In training, there was a significant difference in the relative content of glycodeoxycholic acid in the serum of healthy subjects and heart failure patients, as shown in figure 1.

2. Diagnostic differential efficacy of glycodeoxycholic acid on healthy subjects and heart failure patients

2.1 training set construction of binary logistic regression equation

In the training set, taking the relative content of glycodeoxycholic acid in each sample as an independent variable and a group (healthy subjects and heart failure) as a dependent variable, a binary logistic regression equation logit [ p ] ═ 8.528X1+9.175 is constructed, wherein: and X1 is the relative content of glycodeoxycholic acid.

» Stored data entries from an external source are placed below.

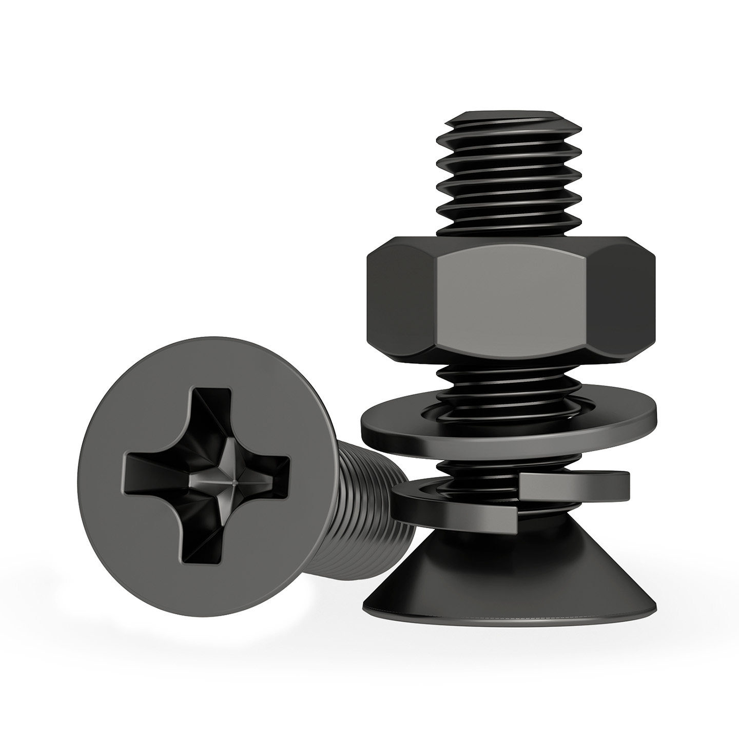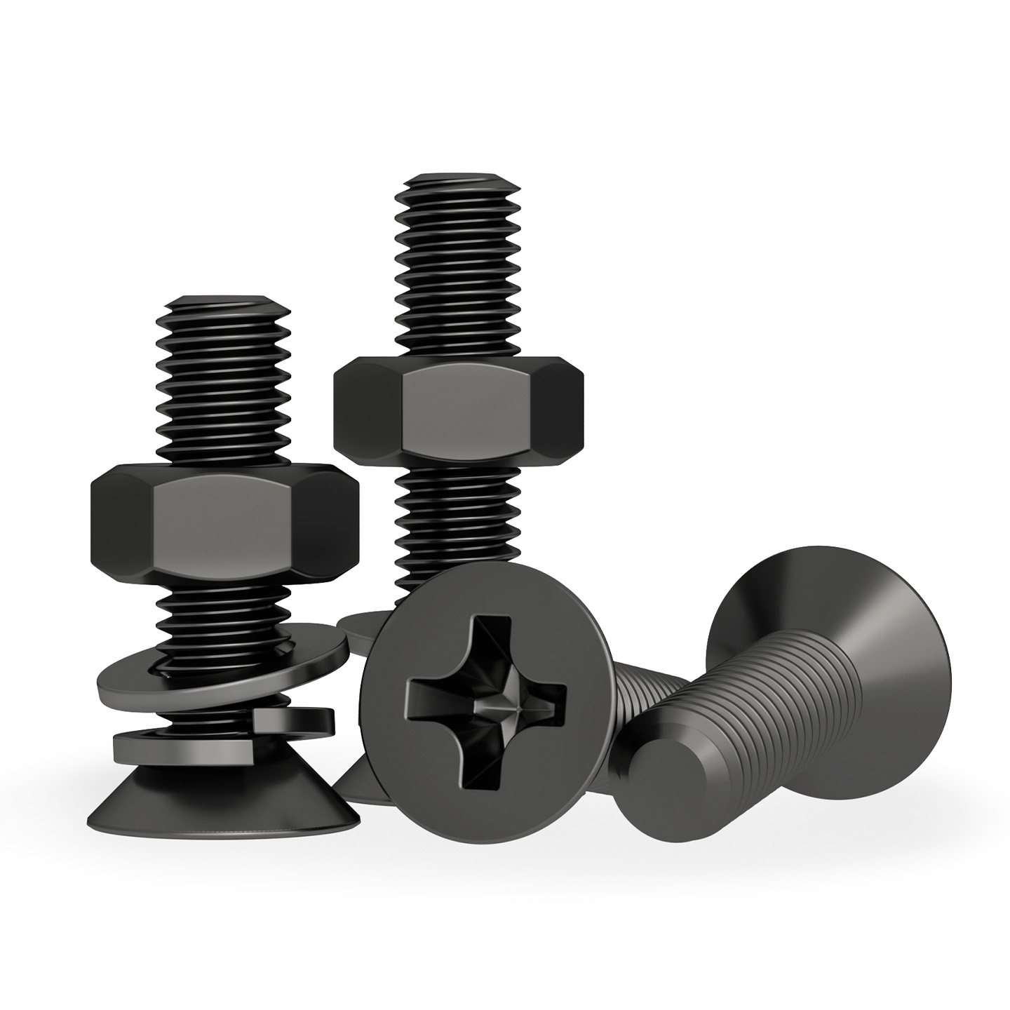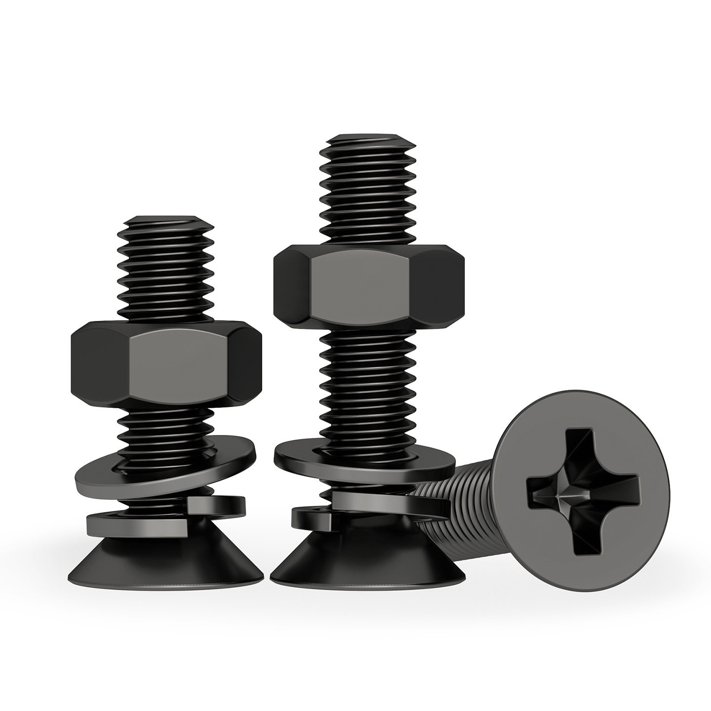 组合大全平头螺钉螺帽平垫弹垫M3M4M5 黑色沉头十字螺丝螺母套装
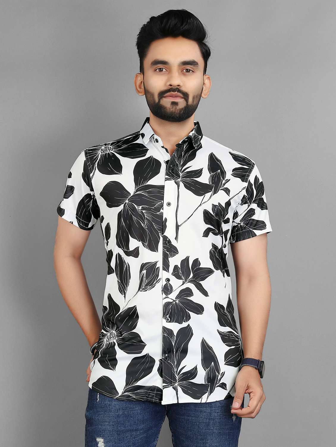 men floral short sleeve regular fit casual shirt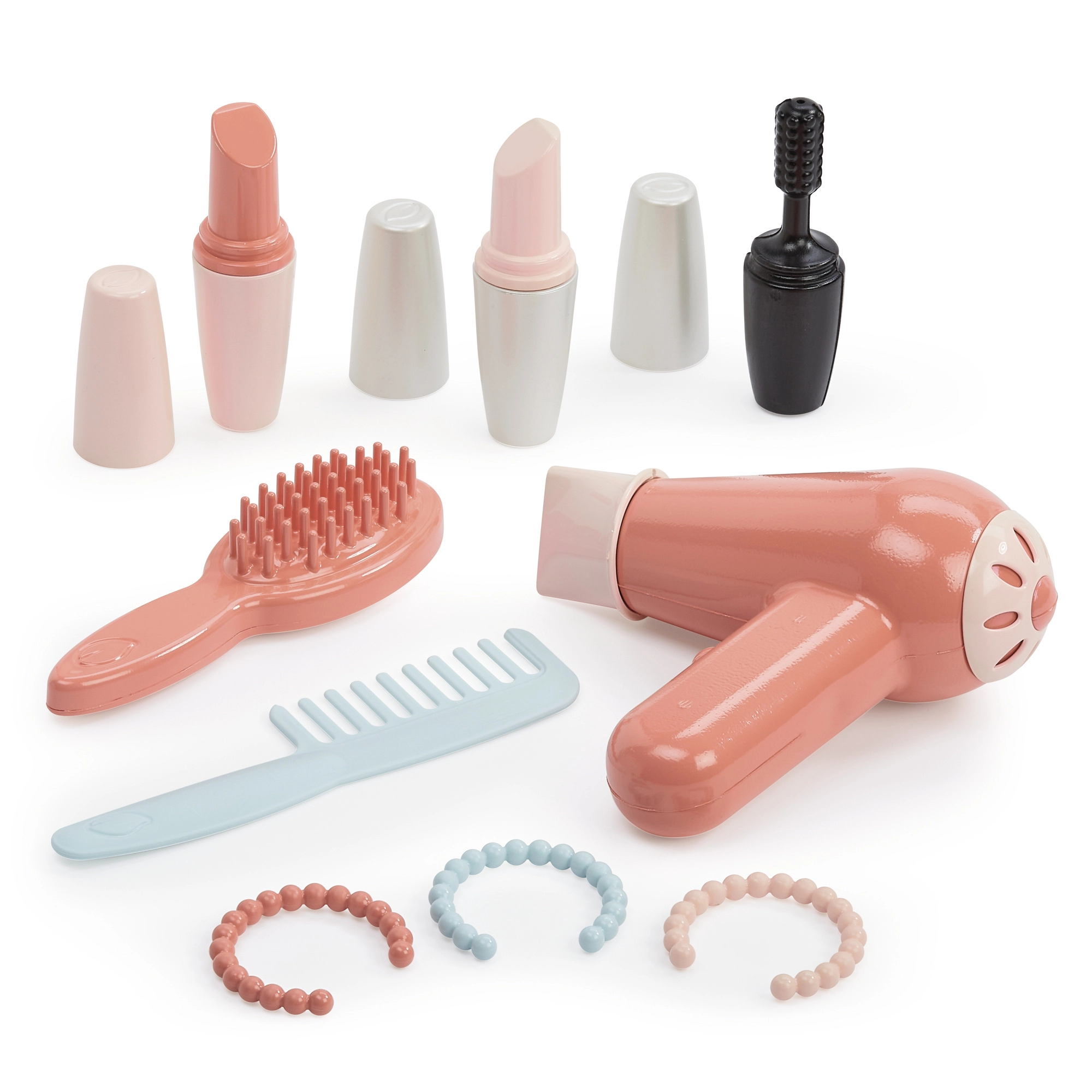 Indeholder kam, børste, børneføntørrer, “læbestifter”, “mascara”, palette og armbånd – ideelt til fantasifuld leg med skønhedssalon.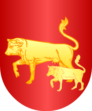 Otros invierten los esmaltes del anterior escudo, poniendo en campo de oro, con las fajas y la tau de gules. (Ref.: CRESPO DEL POZO) |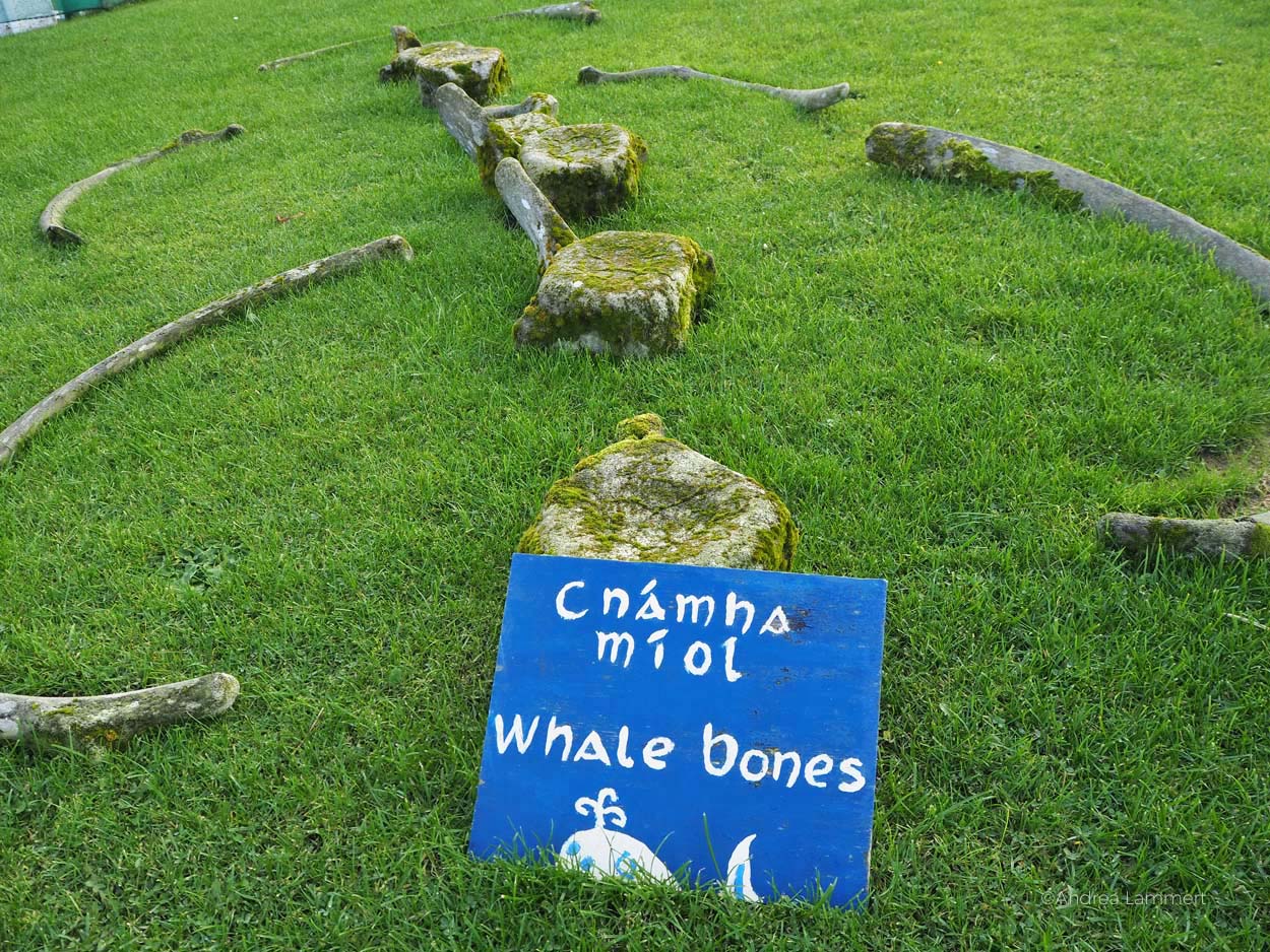 In einem anderen Haus fertigt Con Fischernetze an. Fingerfertig führt der 70-Jährige sein Webschiffchen durch die Ösen und schafft Stück für Stück des Netzes. Die Menschen gehen noch immer nach Hummer, Makrelen und Lachs fischen. Im Garten deuten Walknochen auf die Vergangenheit als Walfänger hin.

2.2 training set determination of optimal discrimination thresholds

In the training set, the relative content of glycodeoxycholic acid in each sample is substituted into the binary logistic regression equation, so that a regression value logic [ p ] of each sample in the training set can be obtained, possible regression values are used as diagnosis points, the sensitivity and the specificity are calculated, an ROC curve (shown in figure 2) is drawn according to the sensitivity and the specificity, the AUC can reach 0.9853, and the accuracy is high. And calculating a Youden index according to the ROC curve, wherein the highest value of the Youden index corresponds to a logic [ p ] value which is 0.57 of the optimal cut-off value for diagnosing and distinguishing healthy subjects from heart failure.

2.3 validation set validation diagnostic accuracy

In the verification set, the relative content data of glycodeoxycholic acid in each sample is introduced into SPSS 25.0 software, so that a regression value logit [ p ] of each sample in the verification set can be obtained, the prediction probability is obtained, the accuracy of glycodeoxycholic acid in distinguishing healthy subjects from heart failure is obtained by dividing the number of correct samples by the total number of samples, and the distinguishing accuracy is 100% (33/33).

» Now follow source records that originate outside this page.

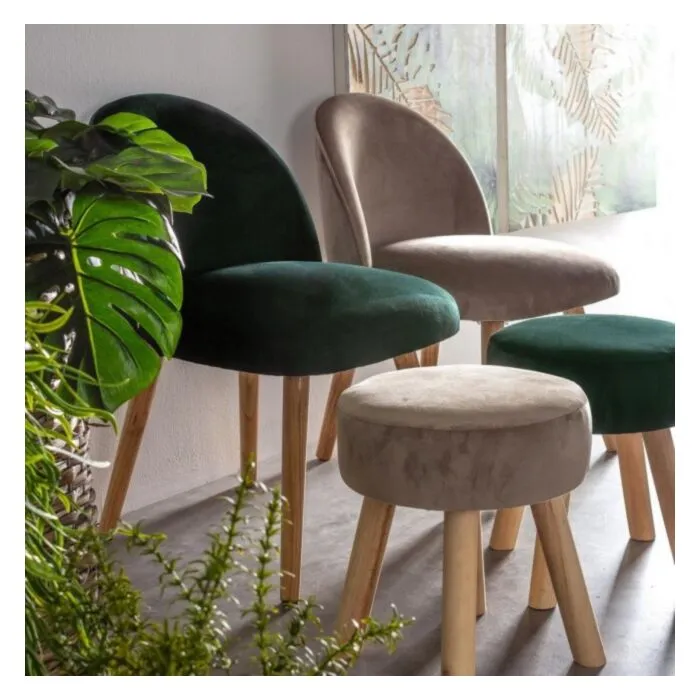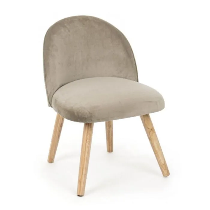Jedilni stol ADELINE taupe ima okvir iz borovega lesa in MDF-ja, noge so iz hrastovega lesa. Stol je oblečen v mehko žametno tkanino taupe barve.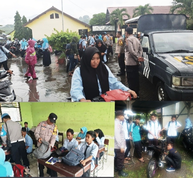 Barang bawaan seperti tas siswa digeledah. Demikian dengan jok sepeda motor juga diperiksa. Saat dilakukan pemeriksaan, polisi didampingi Guru BP sekolah tersebut. Selain merazia, jajaran setempat juga melakukan sosialisasi keselamatan berlalu lintas dan himbauan kamtibmas.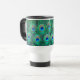 Array de penas de pavão impressionantes em tons de lacaio, azul, verde, aqua.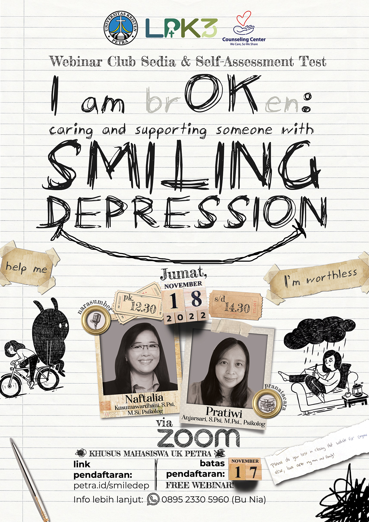 Pusat Konseling dan Pengembangan Pribadi UK Petra, mengadakan acara self assessment test & webinar club sedia. Webinar yang diadakan khusus untuk mahasiswa UK Petra guna membekali peserta ketika menghadapi rekan/kenalan yang sedang mengalami depresi. Dengan narasumber Naftalia Kusuwardhani, S.Psi., M.Si (Psikologi) dan Pratiwi Anjarsari, S.Psi., M.Si (Psikologi), diadakan pada tanggal 18 November 2022 jam 12.30 - 14.30 WIB.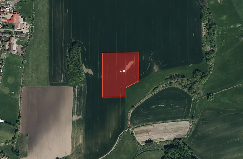 Celková výměra parcely činí 18 429 m², z toho k prodeji je podíl odpovídající 4 607 m² orné půdy.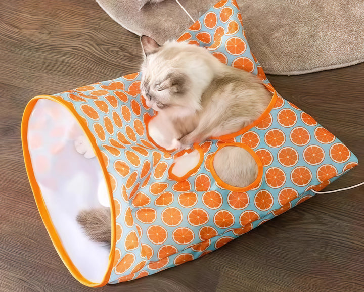 Cats are sensitive to high-saturation colors and concrete patterns. This tunnel uses a bold orange-and-blue color combination plus slice/bird prints, with orange trim on the edges to enhance the visual focus. It can quickly grab the cat's attention, encourage active exploration, and reduce destructive behavior.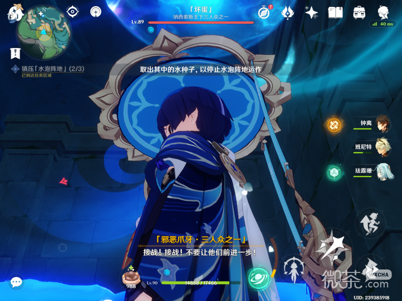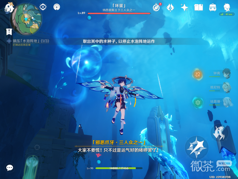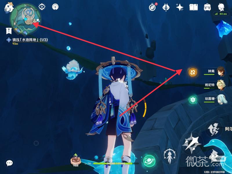走过去后,就会发现下一位纯水幻灵,击败怪物就可以啦。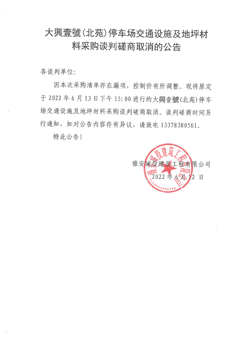 大興壹號(北苑)停車場交通設(shè)施及地坪材料采購談判磋商取消的公告

The above examples illustrate that glycodeoxycholic acid has a significant difference in serum content between heart failure patients and healthy subjects, and glycodeoxycholic acid as a marker can be used to effectively diagnose and differentiate between heart failure patients and healthy subjects. Therefore, glycodeoxycholic acid has the prospect of being developed into a serum test kit for diagnosing heart failure.

The above-described embodiments are intended to be illustrative of the nature of the invention, but those skilled in the art will recognize that the scope of the invention is not limited to the specific embodiments.

Claims

1. Application of glycodeoxycholic acid in preparation of a serum detection kit for diagnosing heart failure.

2. Use according to claim 1, characterized in that: the serum detection kit contains a reagent for detecting the content of glycodeoxycholic acid in serum.